*** Opening of Dataset section ***

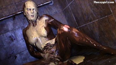 Vika covers herself in chocolate and vanilla batter in the shower. Once covered, she uses the shower spray nozzle to masturbate until she cums.
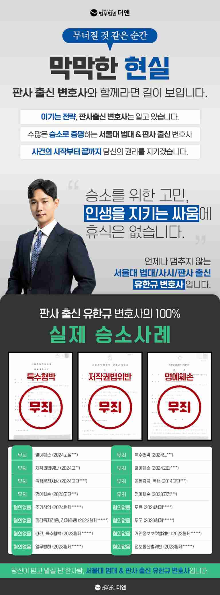 A씨와 같이 억울하게 일생일대의 위기에 처하신 분들은 주저하지 마시고 저희 법무법인 더앤에 연락주세요. 비교할 수 없는 전문성을 바탕으로 저희가 꼭 위기에서 구출해 드리겠습니다. 감사합니다.
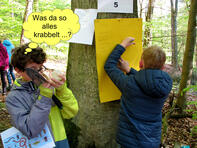Bei frühlingshaften Temperaturen gab es für die Schülerinnen und Schüler eine Menge zu entdecken Eine Vielzahl von Aufgaben zu Bäumen, Pilzen und Kleinstlebewesen mussten im Team gelöst werden

*** Close of Dataset section ***

Write out exactly, and only, the lines from the line holding "A씨와 같이 억울하게" through the end of the data, inclusive, without any pictures.

 A씨와 같이 억울하게 일생일대의 위기에 처하신 분들은 주저하지 마시고 저희 법무법인 더앤에 연락주세요. 비교할 수 없는 전문성을 바탕으로 저희가 꼭 위기에서 구출해 드리겠습니다. 감사합니다.
Bei frühlingshaften Temperaturen gab es für die Schülerinnen und Schüler eine Menge zu entdecken Eine Vielzahl von Aufgaben zu Bäumen, Pilzen und Kleinstlebewesen mussten im Team gelöst werden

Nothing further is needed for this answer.